Pictures only? All right. I wanted to ask you about the various awards that you’ve received over the years. There have been a lot of them. You mentioned the Helmuth Goepfert Society that was created in 2002 yesterday when we spoke. I’m just wondering, are there any of those awards that have meant something special to you?

Helmuth Goepfert, MD:

The one that was interesting was the award I was given by the Nurses Association of Houston.

Tacey Ann Rosolowski, PhD:

That was in 1999?

Helmuth Goepfert, MD:

In ’99, and it was together with Denton Cooley.

Tacey Ann Rosolowski, PhD:

Oh, Distinguished Surgeon Award from the Association of Operating Room Nurses of Greater Houston.

Helmuth Goepfert, MD:

Yeah, that sort of fell on me. I’d never heard of it. (laughs)

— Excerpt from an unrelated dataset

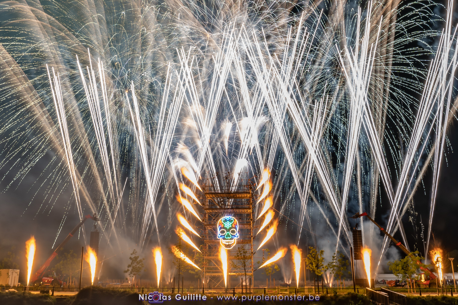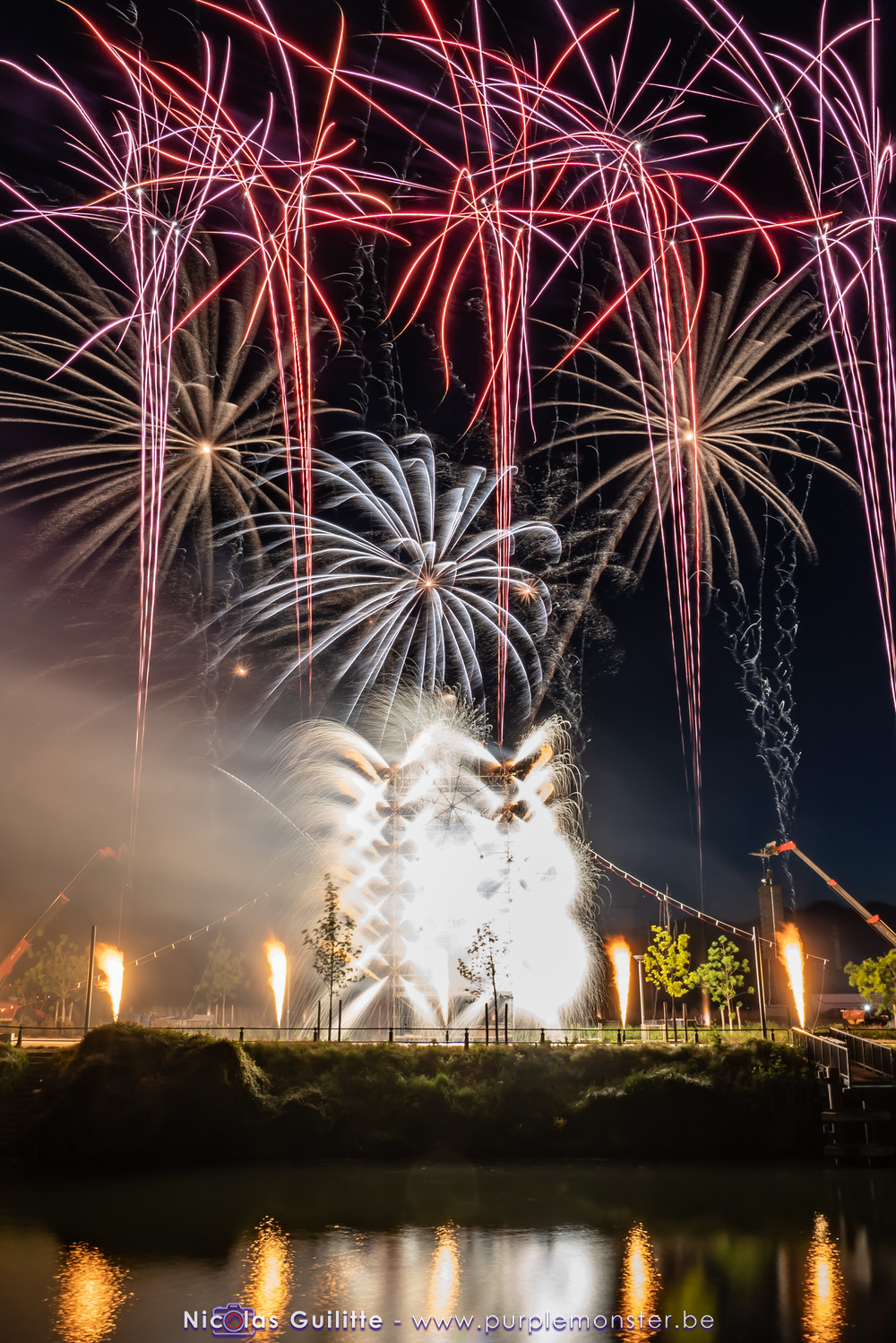 Tous ces petits effets étaient complétés par les traditionnels jeux de flammes fidèles au Groupe F, placés sur une centaine de mètres de large en façade mais aussi sur la structure, 9 postes de tirs juste derrière avec chandelles et mono-coups, ainsi qu'un poste de bombes situé plus loin derrière. Peut-être un peu trop loin, car ces dernières explosaient assez bas et paraissaient un peu petites par rapport aux effets à l'avant-plan, même les 150mm. Il y a avait comme une incohérence dans le rapport d'échelle des différents effets, c'était peut-être le seul petit bémol de ce feu.

Tacey Ann Rosolowski, PhD:

So what did that mean to you? Why was that a good award?

Helmuth Goepfert, MD:

Because you work a lot with nurses in the operating room, and you interact with them. Yes, you work with them, and it’s sort of interesting that they see you as somebody that deserves an award like that, because it’s them who decide it. It’s not anybody else. So here you have an organization that is non-physician giving you an award. That was sort of the unique thing about it.

Tacey Ann Rosolowski, PhD:

What’s your—I mean—when there’s sort of a—how would you say it? —sort of a cultural view of the surgeon as the tough—?

Helmuth Goepfert, MD:

Yeah, the macho—

Tacey Ann Rosolowski, PhD:

The macho person, yeah, who yells and screams and gets the job done. So, what’s your style in the operating room when you work with the team? I’m wondering why the nurses felt this is the man to give the award to.

Helmuth Goepfert, MD:

Because I tended not to, by and large, vent my frustrations at them, and they can be easy targets for that. When things get haywire or get sort of abnormal and intense, usually the ones that feel the brunt of it is the nurses. When DeBakey threw instruments and stuff like that, that’s what it was. But, as I say, it is the perception that—I mean—from the very beginning, because I was brought up as a scrub technician—helping my dad way back then—I knew what these people meant to the whole teamwork in the operating room. That’s what it was all about. So that when I got an award from them—because the nurses from the different hospitals that are in whatever society this was, they had to decide on certain people. So how they selected me I don’t know, but it was a recognition probably of my influence I had in the operating room. So that’s an interesting award. The other ones are sort of, yeah, you get them. They’re there. You don’t know what to do with them after you retire because there is no space in the house anymore. (laughs) I can give you the key for the place that I pay fifty dollars a month to keep everything in there. (laughs) And I don’t know what my kids are going to do with them. I said, “Kids, if it has any wood on it, use it for the pyre where you’re going to burn me.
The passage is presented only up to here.